It was nearly a year ago I was finishing a retreat on the Osa Peninsula of Costa Rica, a month of deep reflection, inner work, and appreciation for the importance of catching up on much needed personal time.
I remember leaving there feeling more connected to the importance of discipline, ritual, silence, and rest.
I appreciate how that time and space has supported the amount of vitality I’ve experienced this year. As I move into a new cycle I find myself reflecting on how immensely grateful I feel that I found these practices and for the enormous impact they have made on the quality of my life.
As most of you know, I have a history of personal trauma, having survived a form of emotional and psychological abuse that sometimes occurs in long-term relationships. This abuse pattern is just beginning to be recognized, studied, and understood…it doesn’t necessarily show on the outside but is known to contribute to chronic long-term health problems.
I founded BodyAttune shortly after finding the courage to leave that relationship. At the time I felt worthless, useless, exhausted, and afraid. But I believed in the practices and the possibility for something better. So I sank my teeth in and did the work, both personally and professionally, to grow and heal and thrive beyond my wildest dreams.
I discovered so much in the process, and including how hard I was pushing myself. At some point I came to realize that I could let go of the struggle and simply let my body rest and heal. The worst was over and I had finally built my dream practice.
I realized there had been a constant negative inner dialogue that was no longer present, coming from an environment that I was no longer in.
I discovered that I was enough.
To be able to have basic core practices like meditation, movement, and energy work to ground me and stabilize during the tough moments has been a true blessing.
I have seen these practices support many individuals, not only from similar circumstances, but through the stresses of life in general, that we all experience in our own unique, individual way.
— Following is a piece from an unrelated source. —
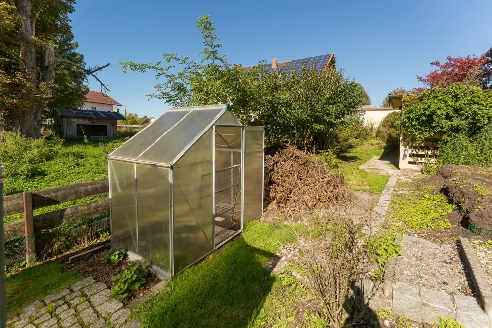Ein Wort zur Terrasse und Garten: fantastisch. Ein absolutes Highlight! Hier ist die Sonne zu Hause, sie scheint von vormittags um sieben bis in die Abendstunden. Sie werden im Sommer wundervolle Nachmittage und Abende mit Freunden und der Familie verbringen. Der Garten ist bildschön und bereits angelegt. Im Bereich der Terrasse finden Sie einen gepflegten Rasen sowie Blumenbeete, Büsche und Sträucher. Gemüsebeete und Gewächshaus befinden sich auf der Westseite des Hauses.

In this past month, I had moments when the feeling of exhaustion crept in and I noticed feeling worried that maybe another storm was coming, that maybe I was not through the worst after all.
But then I realized that I had been juggling many very stressful experiences simultaneously all while continuing to thrive in my personal life and practice: I relocated my office while also handling quite a few significant personal life events. I continued to support my regular client load, while working to add and develop new services and programs…
This particular feeling is the kind of fatigue that comes from a fully-lived life of growth, expansion, and opportunity. That it’s nothing like what I used to feel. And I celebrate that!